The Herald

Pensions minister says the rich can give away winter fuel cash

- KATE DEVLIN

A TORY minister suggested wealthy pensioners could give their taxpayer-funded winter fuel allowance to charity just hours before David Cameron pledged to guarantee the payments for another five years.

The allowances, alongside free television licences, would be shielded from cuts if the Tories win in May the Prime Minister said in a repeat of his promise before the 2010 General Election.

Labour and the Liberal Democrats have said they want to remove the benefits from some of the richest pensioners. But Mr Cameron rejected that move, saying the money was what older people “deserved”.

But there was controvers­y when a Tory minister suggested those who did not need the state handout could give the money away – to the charity of their choice.

On the BBC’s Today programme Work and Pensions minister Minister Mark Harper said: “People are perfectly entitled in a free society when they get money to do whatever they want with their own money.

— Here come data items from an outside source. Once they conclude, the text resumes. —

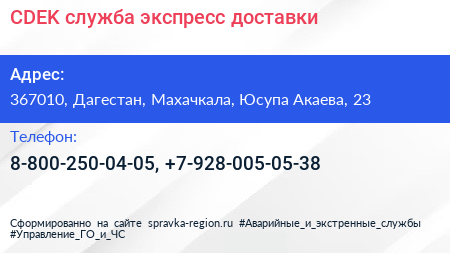 CDEK, служба экспресс-доставки по адресу 367010, Дагестан, Махачкала, Юсупа Акаева, 23 в дальнейшем Организация, размещена в следующих категориях:
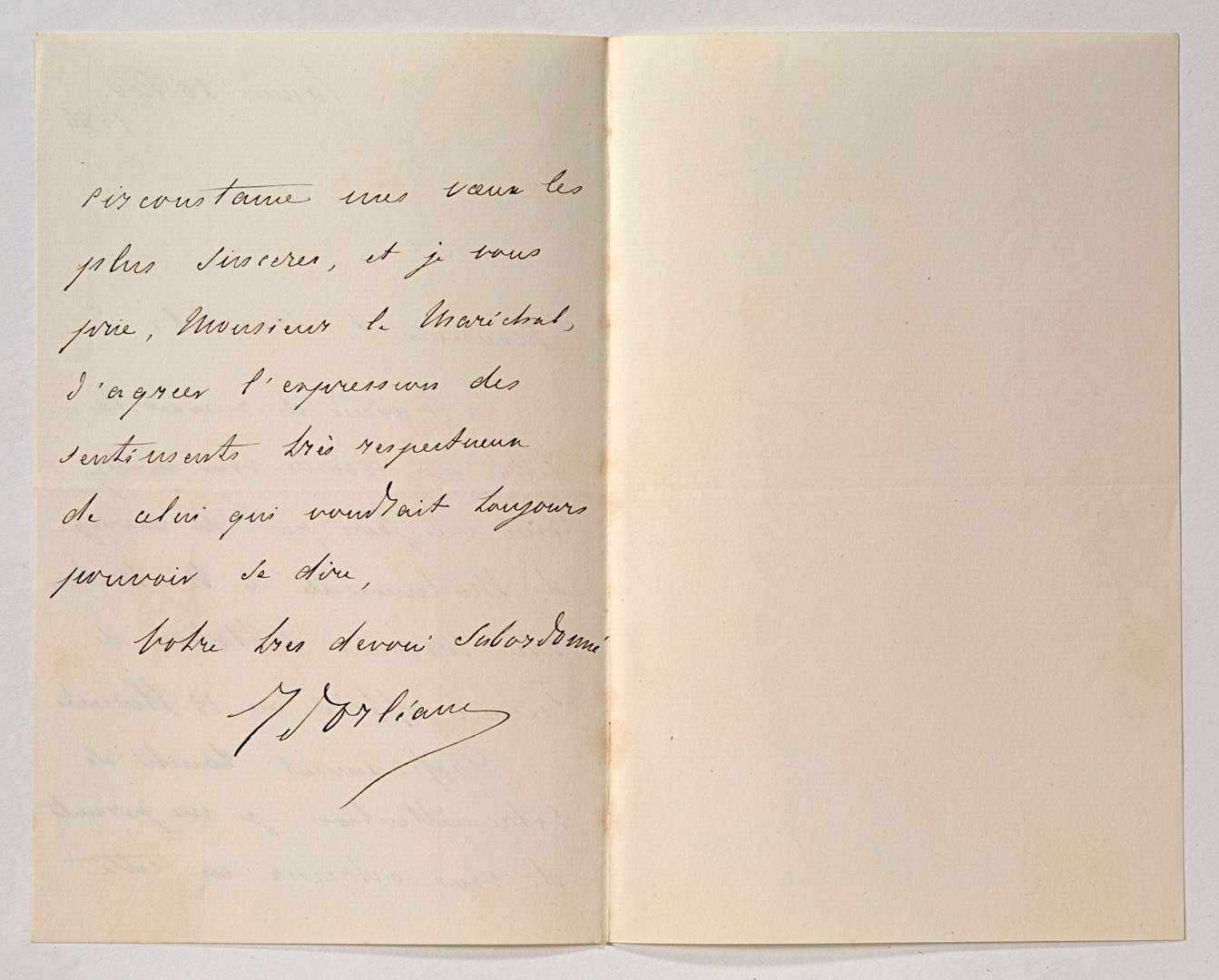 L.A.S de M. d'Orléans, 25 novembre 1886, adressée à Monsieur le Maréchal Mac Mahon, 2 pages grand in-12, papier avec filigrane Delta Mill Fine.
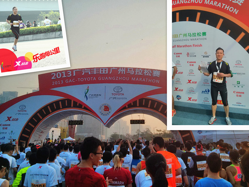 由中國(guó)田徑協(xié)會(huì)、廣州市人民政府主辦的2013廣汽豐田廣州馬拉松賽于11月23日在廣州花城廣場(chǎng)正式開跑。中科院廣州生物醫(yī)藥與健康研究院劉勁松研究員完成了他首個(gè)半程馬拉松并創(chuàng)造了個(gè)人最好成績(jī),完賽時(shí)間2小時(shí)2分52秒,在完賽的2299名男子半程馬拉松選手中排名617。
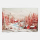 En charmerande design med moderna 3D-effekter med röda hus, fir träd och ett komplett vinterlandskap!
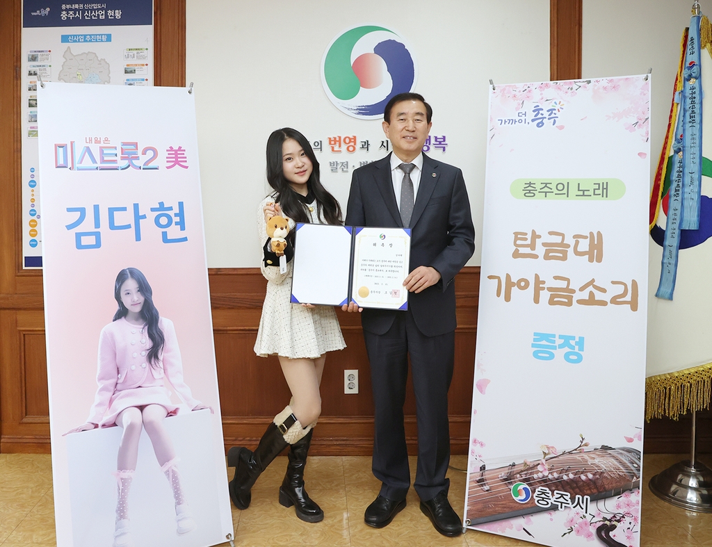 (충주=연합뉴스) 권정상 기자 = 충북 충주시는 소녀 트로트 가수 김다현을 홍보대사로 위촉했다고 16일 밝혔다.

And I have heard things like, for example, people have given the money to charity.”

Pressed if he thought that was a “good idea”, he said: “It is not for ministers to tell people how they should spend their own money.”

Mr Cameron said it was wrong to call the perks a luxury.

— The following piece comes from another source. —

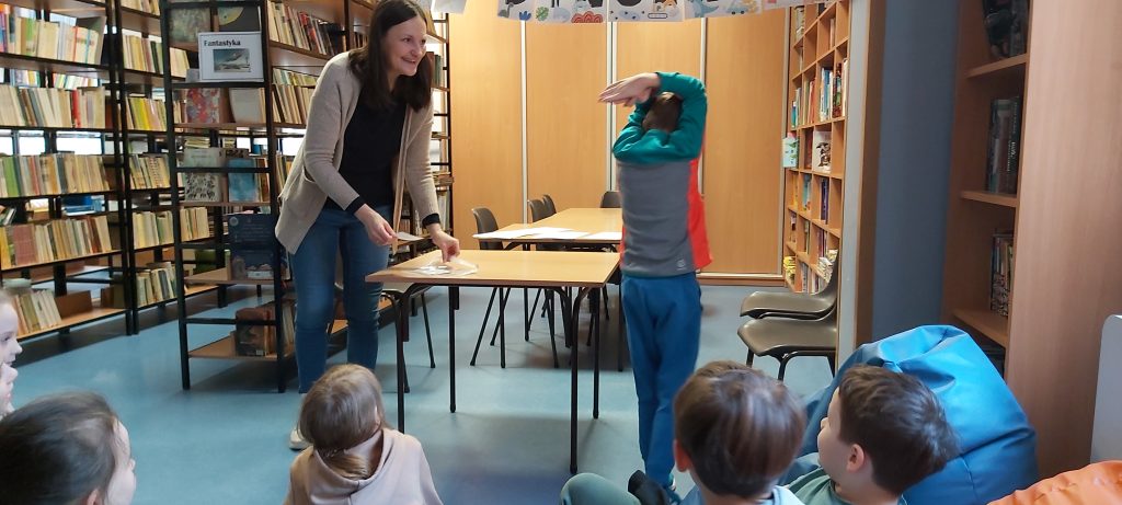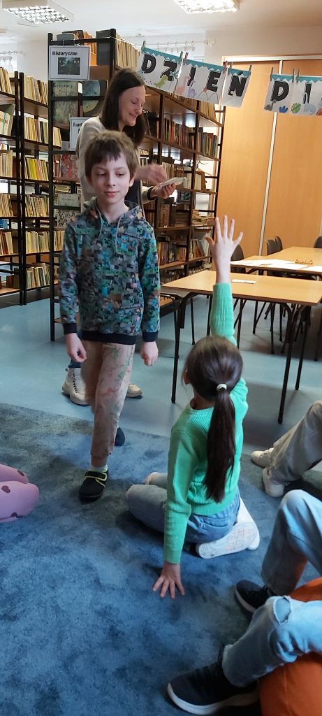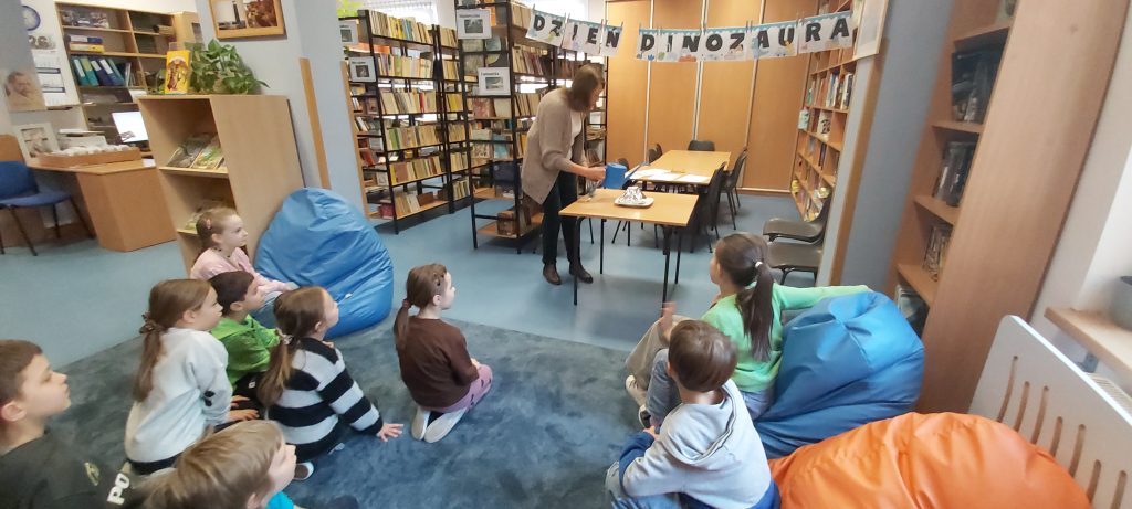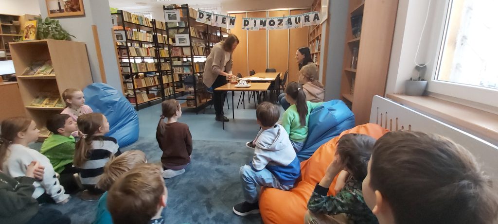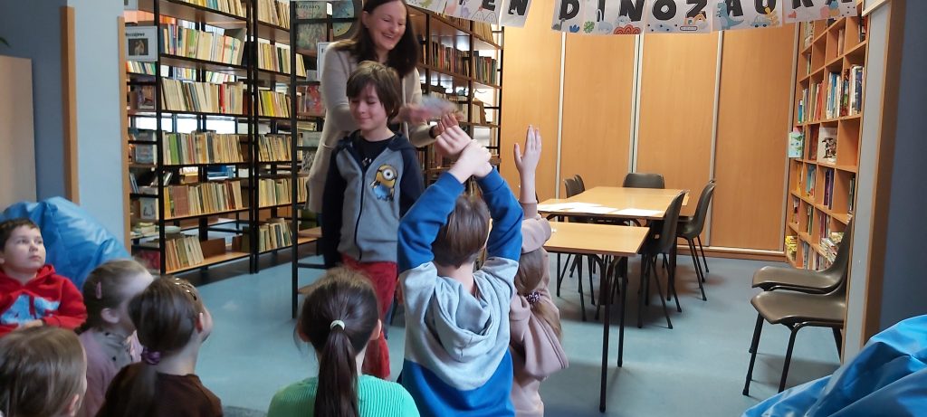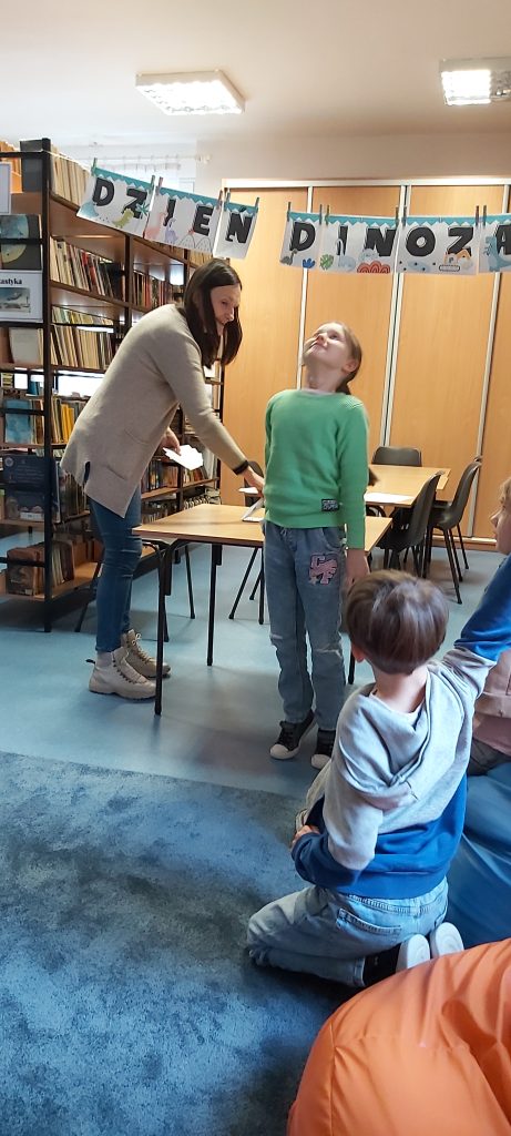 Kolejnym elementem zajęć była zabawa edukacyjna polegająca na „sprawdzaniu”, co poszczególne dinozaury mają w swoich brzuchach. W ten sposób uczniowie utrwalili wiedzę o tym, które gatunki były roślinożerne, a które mięsożerne.

“Say that to the older woman who can keep warm tonight on this cold February evening, because she’s been given the money to heat her home,” he said.

The remarks came as Ukip pledged to force migrants to buy health insurance or face being refused entry to the UK. The policy was a centrepiec­e of the party’s NHS plans, as it tries to appeal to Labour voters in southern England.

Ukip also said it would increase spending on dementia, as leader Nigel Farage attempted to distance himself from comments he made in 2012 calling for a fully insurance-based NHS. Meanwhile, David Cameron and Ed Miliband will go head to head a week before the General Election, if the planned TV debates go ahead. Broadcaste­rs held a draw to decide the order in which they should be held.

The result means the two 7-party debates, which will also feature the SNP, Ukip and the Greens, but not the DUP, will take place earlier in the campaign. Labour leader Ed Miliband has written to Mr Cameron, who has said he does not want debates so close to vote day, to call on him to say once and for all whether or not he would take part.

The LibDems said they had a number of “gripes”, including that they will be excluded from the last debate and be unable to defend their record in government.

Meanwhile, a new poll by Tory peer Lord Ashcroft poll shows Labour pulling ahead of the Conservati­ves, up 1 per cent to 36 per cent, with the Tories on 32 per cent, LibDems 7 per cent, Ukip11 per cent and Greens 8 per cent.